# Java Fern ruin my Zavlar tank ?



## -DC- (Apr 21, 2010)

So i usually don’t bother with plant's but now that the local PU has some java fern in I'm planning to pick some up, i have a very large log with fairly soft bog wood in my 240g Plywood tank that i plan to root it too and let it carpet it over, 

My worry is that I’ve read this stuff will attach to almost any surface, I'm sure it will grow on my tank walls as they are Zavlar, at first i thought that would be really neat a tank with walls of fern, but I have no idea how this will affect the zavlar (rubber paint), do java ferns just grab on, or will they dig in and weaken my seal ?

anyone know ? I don’t want to plant them on the log and then when they pop up on the wall find out my tanks ruined! but if they simply hold on then i likely will buy more and plant it on the walls to encourage the process.



Also while I’m at it, when seeding the log, is a particular place best to start ? like should i seed the bottom edges and let it climb up or the top and climb down ? does it have tendency to climb up vs down ?


-DC-


----------



## 2wheelsx2 (Apr 21, 2010)

I don't know about the Zavlar, but they will grow "in". ie, the rhizome will dig into the wood to attach themselves. But I expect if you keep it away from the walls of the tank you shouldn't have a problem. They take time to root, so as long as it's not in contact for extended periods you should be fine.

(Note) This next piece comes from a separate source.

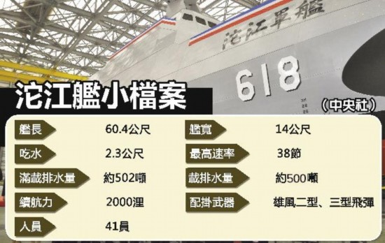 臺海軍稱,沱江軍艦長60.4米、寬14米、最高速率38節,滿載排水量約502噸、輕載排水量約449噸、搭載41員;船體由鋁合金打造,續航力達2000海里(約合3700公里),足以由臺灣本島航行到南沙太平島來回,未來加入海軍戰備行列后,“將有助臺灣對南海海域巡弋任務。”
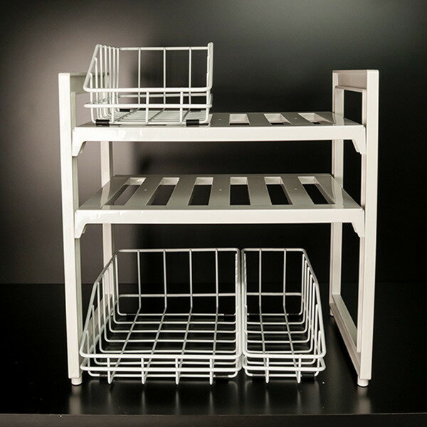 洗面所収納 2段 アレンジフリー 洗面台下シェルフ 洗面所 収納 洗面下 ( 洗面下収納 ラック 洗面下ラック 棚 2段ラック キッチン キッチン収納 収納棚 シンク下 洗面台 シンク下収納 キッチンラック 簡単 組立 )

As for growth, like most plants, they want to go to the light, so in general, they propagate upwards first and then sideways when there is no more space.


----------



## EDGE (Aug 24, 2010)

java fern can wrap around anything. I had mine growing on a piece of smooth plastic filter intake pipe, unintentionally. Usually they just grab on to the item. There are always exception to the case with plants and their growth habit.


----------



## Chronick (Apr 27, 2010)

it won't dig in but it will grow on and grab anything. I know you can grown java ferns on plastic ornaments and they don't root in the ornament itself. Should be fine


----------